Your prospect will probably decide whether or not he is interested in what you have to say within the first twenty seconds of the call, so it’s best to be direct and get the essential information across early on. [5]

You might say something like “This is Shamika Lorenz from Selling Solutions, a firm that specializes in helping businesses reduce their selling costs, and I’m calling to let you know about an upcoming seminar for small business owners in your area.”

Such directness also conveys honesty and lets your prospect know that you won’t waste his time. [6]

Because you want to get your prospect’s attention in the first twenty seconds, it’s important not to stumble over your words or sound like you are rambling. After you have given your name and the purpose of your call, offer a reference point based on your preapproach research.

For example, “I read that your start-up has recently opened a new downtown location.” This will personalize your approach and help establish your credibility. Next, lead into a general benefit statement [7] that will address your prospect’s “what’s in it for me?” question.

Keep in mind that asking for permission helps build trust and allows the customer to feel in control. [8] However, it’s important to think about the way you phrase your question. When you open with something like “Did I catch you at a bad time?” all your customer has to do is agree with you, and the call is over. On the other hand, if you ask whether this is a good time, a yes response will work in your favor. [9]

Your customer is only likely to say no if this really is a bad time, and if that happens, you are well positioned to say “I understand. Would Monday at 10:30 be a better time to talk?” [10]

Don’t start off by asking, “How Are You Today?” This common greeting is one you probably use without thinking twice about it.

But opening a sales call this way over the phone (when you are contacting a busy stranger who doesn’t know why you have called) can be off-putting and will probably come across as insincere. [11]

Don’t launch into prolonged explanations, as sales coach Sharon Drew Morgan says, “Your prospect is obviously not sitting by the phone waiting for a call from you.” [12]

You want to be personable when you call, but you also want to keep in mind that for busy decision makers, phone calls are interruptions, so the more business oriented the interruption, the better. [13]

Approaching by E-mail
While an e-mail approach is less personal than an in-person or telephone approach, it might be your best method.

This in turn depends on the type of sale in which you are engaging. Internet marketing coach Sean Mize says of his business, “I generate 2,000 subscribers via the Internet every single month, so to contact all those individuals by phone, unless I have a huge telemarketing room, would be impossible.” [14]

Write E-mails in Different Styles and Tones

Online marketing expert Daegan Smith suggests crafting about fifteen different e-mail templates so you can choose between them when you want to get in touch with a prospect. [15]

You can think of it a little like building up your wardrobe so that you have different things you can wear on different occasions: you wouldn’t wear the same clothes to a baseball game that you would wear to a business meeting. You also wouldn’t send the exact same communication to all your prospects. The bottom line is that you want the e-mail to be as personal as possible.

Do Send a Well-Written E-mail

Keep in mind that an e-mailed sales approach is still a first impression, even though the communication doesn’t involve any immediate contact. While the e-mail should be personal, it should be more formal than the personal e-mails you send to friends.

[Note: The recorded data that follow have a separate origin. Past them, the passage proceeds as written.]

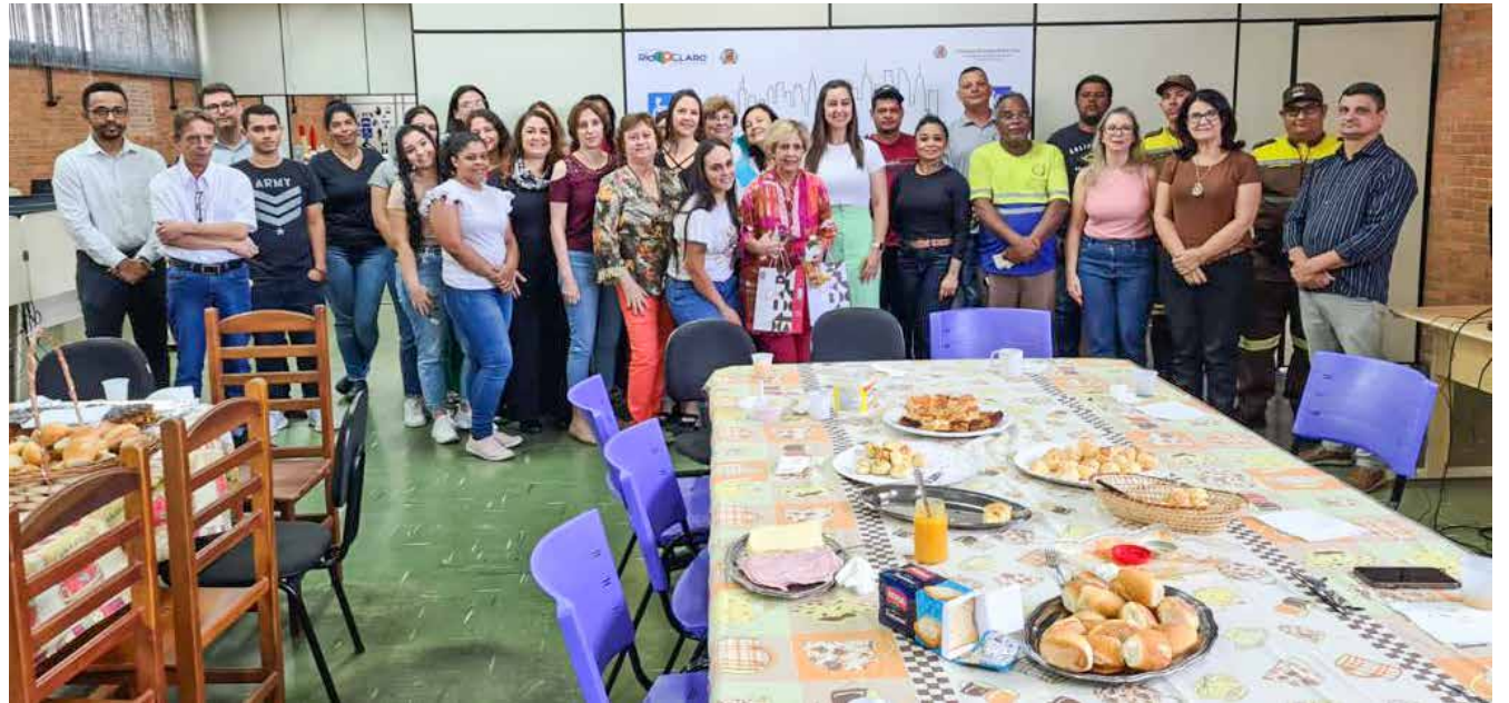
Mulheres e homens da Secretaria de Mobilidade Urbana participaram de café da manhã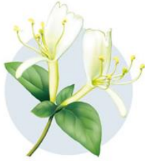
スイカズラ (イメージ)

紫外線を浴びると、複数の反応が連鎖的に起こり、かくれ炎症 → 日焼け → シミへと進行することがわかっています。かくれ炎症の段階でケアすること、つまり、“紫外線を浴びてしまっても、「日焼け」にしない美容成分”という発想から開発に成功したのが「キンギンカ抽出液」です。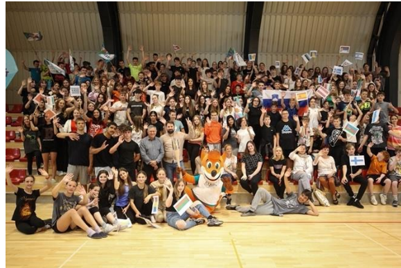
Slika 25: Odlična kulisa, ki so jo pripravili v občini Duplek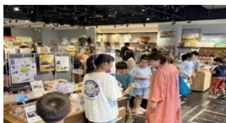
早期起業家教育事業における 商品販売会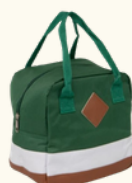
8205 Valisette Isotherme 22x15x22 cm 4.95 HT - 5.94 TTC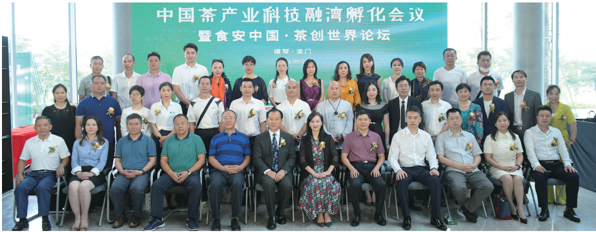
中國茶產業科技融灣孵化會議暨食安中國·茶創世界論壇出席嘉賓合照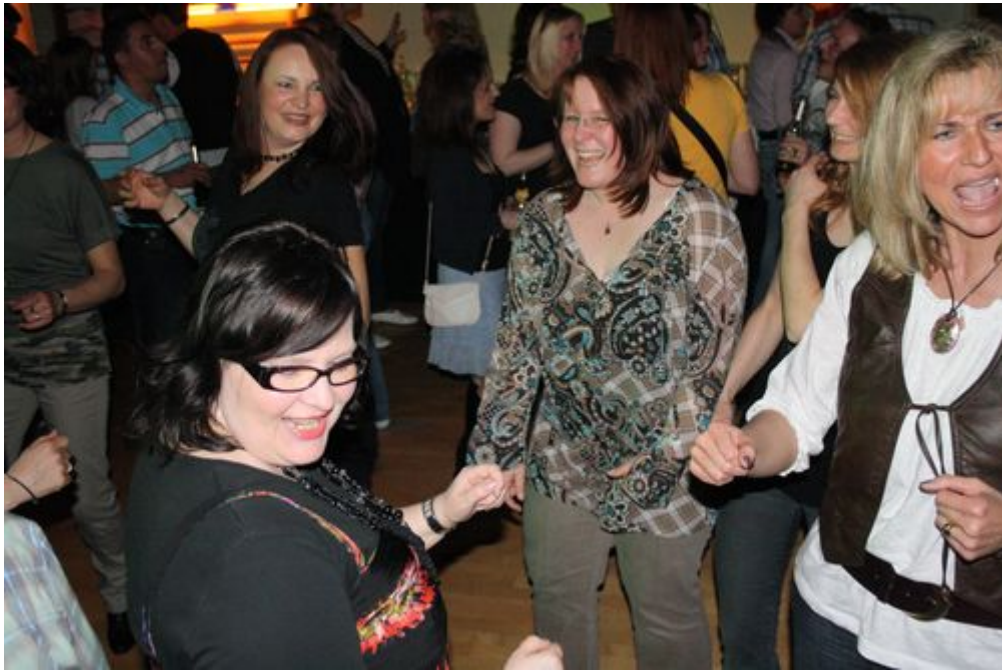
Beherrschen die Tanzfläche: Die holde Weiblichkeit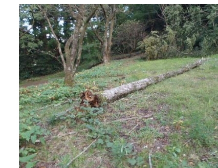
写真9 ③造酒屋敷跡枯木倒木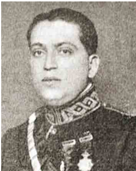
José Calvo Sotelo (1893-1936), con uniforme del Cuerpo de Abogados del Estado. Fecha: 1930.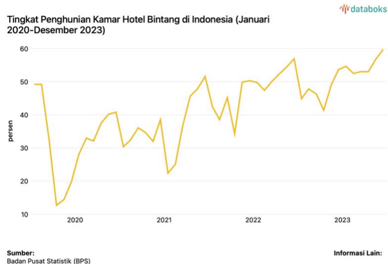
Gambar 1. 4 Data Tingkat Penghunian Kamar Hotel Bintang di Indonesia

bisnis perhotelan. Per Desember 2023 tercatat tingkat penghunian kamar (TPK) hotel berbintang di Indonesia mencapai 59,74%, berikut merupakan laporan dari Badan Pusat Statistik (BPS).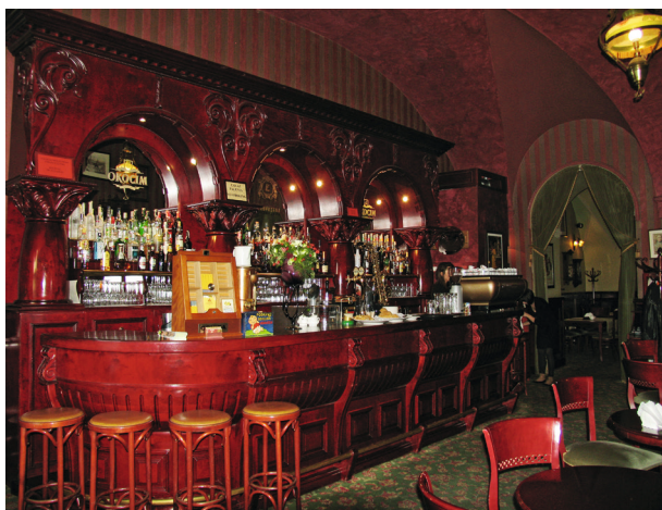
Kawiarnia Europejska dzisiaj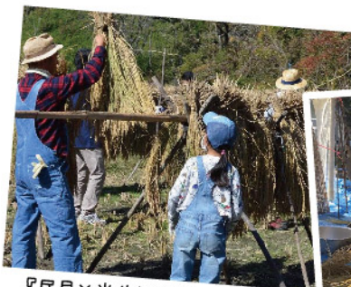
『民具×米作り体験』の様子

キャンピイだいとうでは、おとな・ファミリー向け事業として大東市歴史民俗資料館からお借りした貴重な民具を使用し、半年かけてお米を作って食べる『民具×米作り体験』を毎年開催しています。そんな米作り体験で、今年はおもち米作りにもチャレンジし18kgのおもち米が収穫されました！今回はそんなおもち米のひみつに迫っていきますよー！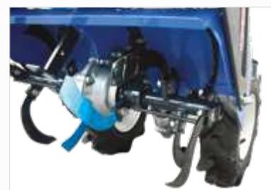
FREES VAN 55 CM In tegengestelde richting draaiende frezen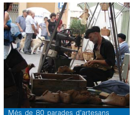
Més de 80 parades d'artesans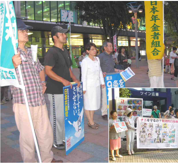
解釈改憲に反対し9条守れと県内各地で市民が集会を開催した。 (写真は郡山駅前と福島駅前の行動の様子)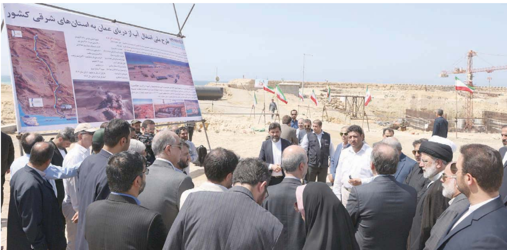
رئيسي يفتتح خط أنابيب نقل المياه من خليج عمان إلى محافظة خراسان وبلوشستان (الرئاسة الإيرانية)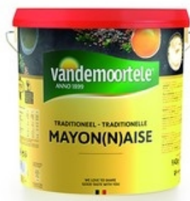
VANDEMOORTELE Mayonaise traditionnelle Mayonnaise traditionnelle 10 L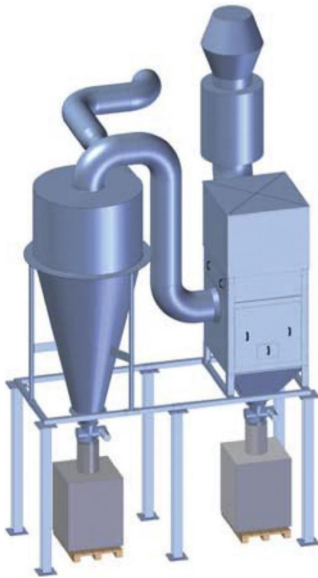
Separador ciclónico ZVA con IEP de Desempolvador y eliminación De Big-Bag.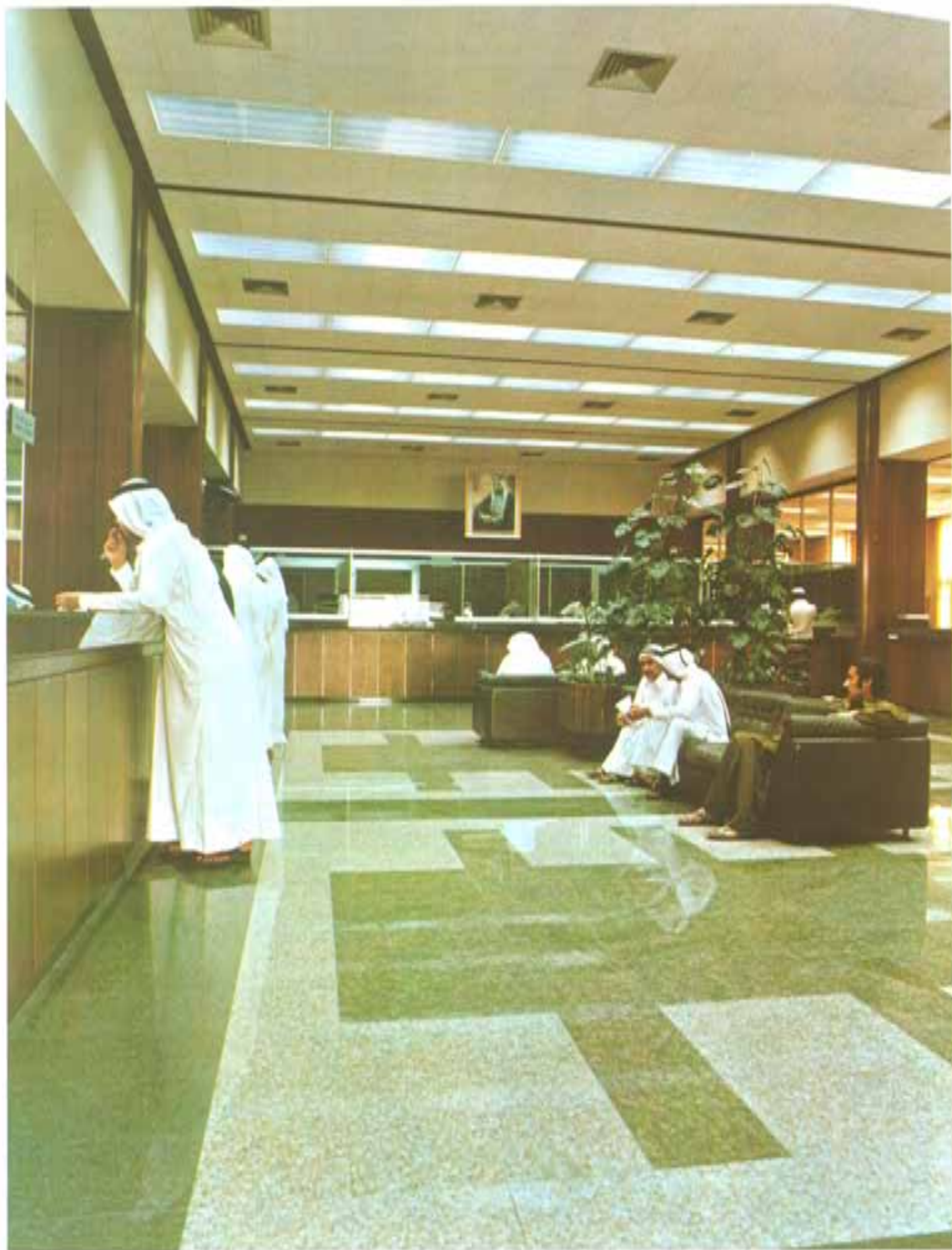
قاعة البنك - الفرع الرئيسي - الدوحة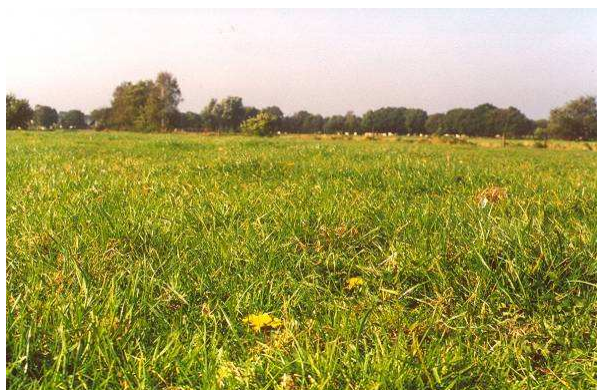
Zode met 'fijne' structuur van goede grassen en een beperkt aandeel kruiden

Is er op het onderzochte grasland sprake van biodiversiteit die uw bedrijfsvoering ondersteunt? Bij de beoordeling wordt rekening gehouden met een verschil tussen hoogproductieve percelen en percelen die vooral dienen voor ruwvoerwinning. Biodiverse hoogproductieve percelen hebben een fijne menging van enkele grassoorten waaronder een groot aandeel 'goede grassen' (engels raaigras, beemdgrassen, timoteegras, beemdlangbloem) met hier en daar een kruidachtige. Gebruik van klaver is een pré.

You want to sound knowledgeable and credible, which means paying close attention to your word choice and style. Give the e-mail the same attention you would give to a business letter. This also means reading the e-mail several times before sending it to check for spelling and grammar mistakes, just as you would with any other business correspondence. [16], [17]


Don’t Get Discouraged

In B2B sales, it often takes about twelve e-mails before contacts reply. [18] If your prospect doesn’t respond right away, just assume that he is a busy person with plenty of other distractions that come across his desk every day.

If you continue to send your e-mails regularly, eventually the message will register with your prospect. Of course, you don’t want your e-mails to be an annoyance either, so consider including an “unsubscribe” option somewhere in the body of the message for the prospects who truly aren’t interested so that they can request to be removed from your e-mail list. [19]

Make Your E-mails as Personal as You Can

If you have a number of e-mails drafted, select the one that seems most appropriate to the specific prospect you want to target, and include your prospect’s name in the heading and body of the e-mail. [20]

This will set your message apart from the average, impersonal “junk” e-mail that people get regularly.

Online Social Networks
In some cases you will be able to leverage your online social network to approach a prospect. For instance, if you are a Web site designer and you attend a Webinar on increasing Internet traffic to business’s homepages, the other Webinar participants are potential prospects, and you might decide to contact them and ask to be added to their LinkedIn networks.

Do Make a Comment When You Add a Prospect

According to marketing specialist Leslie Hamp, even something as simple as “I noticed we were on the Webinar together, and I’d like to add you as my friend,” will work. [23] The point is that you want to give your approach a personal touch.

You can think of the networking tool as a facilitator, something that gives you the opportunity to connect, but it is still up to you to do the work of socially interacting and leveraging your connections.

Aim for Quality over Quantity

There are so many new and interesting social media programs available that it can be tempting to join multiple sites; but if you are a member of more than two or three social networks at one time, you will probably find your efforts spread too thin.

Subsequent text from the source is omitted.